A white-coated member of the waitstaff delivered a warm loaf of rosemary bread and sliced it at our table. Diane ordered an elderflower cosmopolitan for herself and coffee for me.

She listened intently as I told her about my feeling of being followed, about how I really wrecked my car, about the white roses, about how some TV muckraker was about to splatter my tattered record and disemboweled marriage all over Atlanta’s TV screens. Her drink came and she sipped it, blue eyes steady on me. She was wearing a wrapped linen jacket cinched at the waist with a black pencil skirt and patent pumps with ankle straps. Diane had never minded getting a little attention. And she was dressed for it tonight. Her blonde hair was short and tucked behind her ears, with little wispy sideburns.

“Do you feel safe?” she asked when I’d finished.

That’s why I loved Diane. Since we’d met at age six, she worried about me. I ran my knife over a mound of softened butter and spread it over the warm, scented bread. “I know this may sound strange, but I don’t think he really wants to hurt me. I think he just wants to scare me away.”

Our starters arrived and we dug in. The gnocchi was heaven.

“So enough about me,” I said.

Diane laughed. “Don’t be ridiculous. It’s
always
about you.” She drained her drink and signaled the waiter for another.

“So? Tell me about the new guy,” I demanded.

“It’s fantastic so far. Notice I have to qualify it? God knows it’s been forever.”

I chuckled. “Um, I think it was only like six weeks ago you dumped Brad.”

“Blake,” Diane corrected cheerfully. “What was that about anyway? He was so grungy.”

I nodded my agreement. “It was a look.”

“Great kisser, though.”

“You look fabulous, by the way. Is that Armani? You get a raise or something?”

Diane broke out her big white smile. “There’s more where this came from. We spent a whole day shopping last weekend.”

“He took you shopping? Wow. That’s so … so Richard Gere in
Pretty Woman
, isn’t it?”

“Oh, come on, Keye.

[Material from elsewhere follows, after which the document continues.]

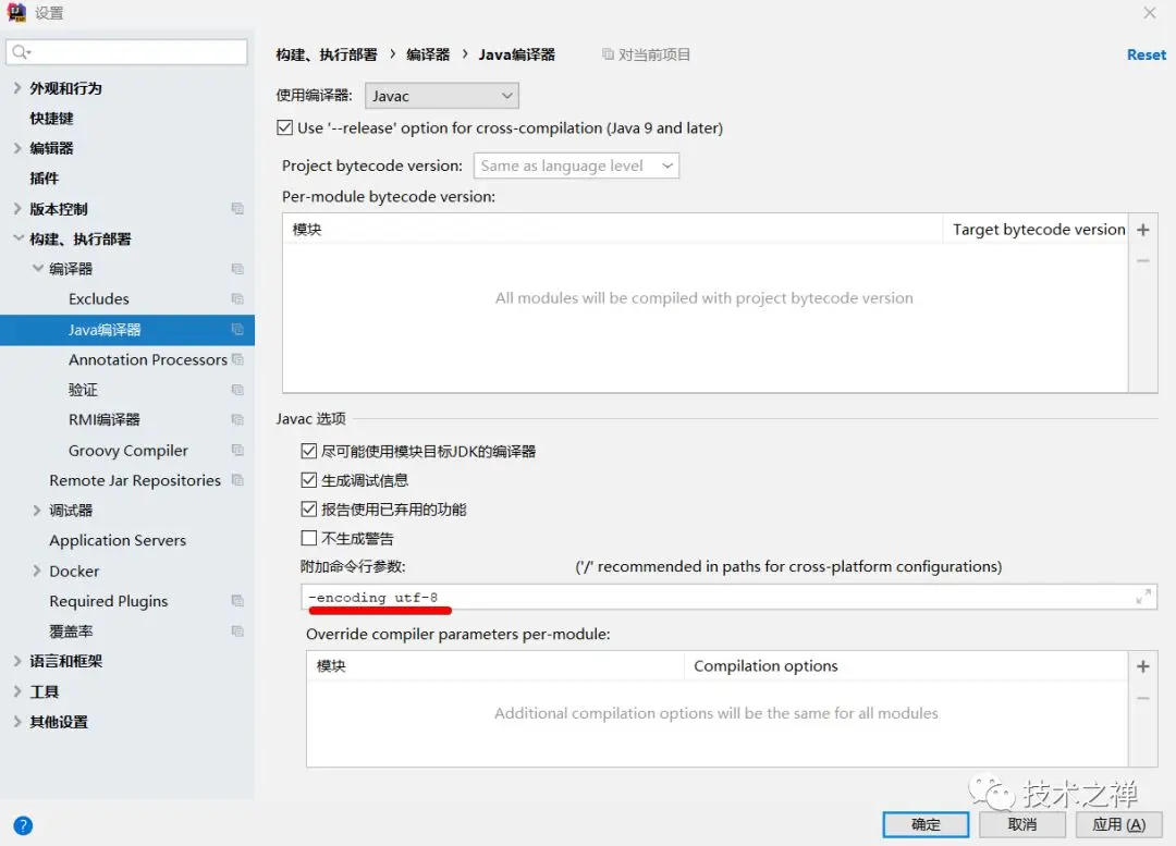 弹出设置窗口选择:构建、执行部署-》编译器-》Java编译器

Let me enjoy this, okay? I think it’s sweet.”

The waiter delivered Diane’s second elderflower cosmo in a wide martini glass. It had a lovely lavender tint and a thin layer of ice on the top. I could smell it. Diane held up her glass. “I drink for those who can’t,” she told me. “Cheers.”

“So selfless.” I smiled.

“This one’s different, Keye. It feels like the big one.”

Diane believed fully in love, believed everyone had a soul mate, a perfect match—the big one. I had believed it once too, but that was a long time ago.

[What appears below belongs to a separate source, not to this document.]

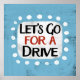 "Vamos Go For A Drive" é um design de texto bonito, em azul claro, com texto preto e vermelho, juntamente com uma forma de sotaque branca e pontos brancos texturizados ao seu redor.

“Tell me everything. Name, rank, serial—”

“Good evening, Dr. Street.”

“Jacob!” I dropped my fork. I couldn’t have been more shocked if he’d hit my thumb with a hammer.

“Pardon the intrusion, but I couldn’t let the opportunity pass.” Jacob Dobbs stood at our table, looked at Diane. “My, aren’t
you
lovely.” He was wearing a perfectly tailored suit with strong shoulders to project the power he so enjoyed. Dobbs was fair-skinned with light eyes. He looked like he’d just shaved. I could smell his cologne.

Diane smiled and extended a hand to shake Jacob’s. Instead, he bent forward and kissed the top of her hand. Diane’s fair skin reddened.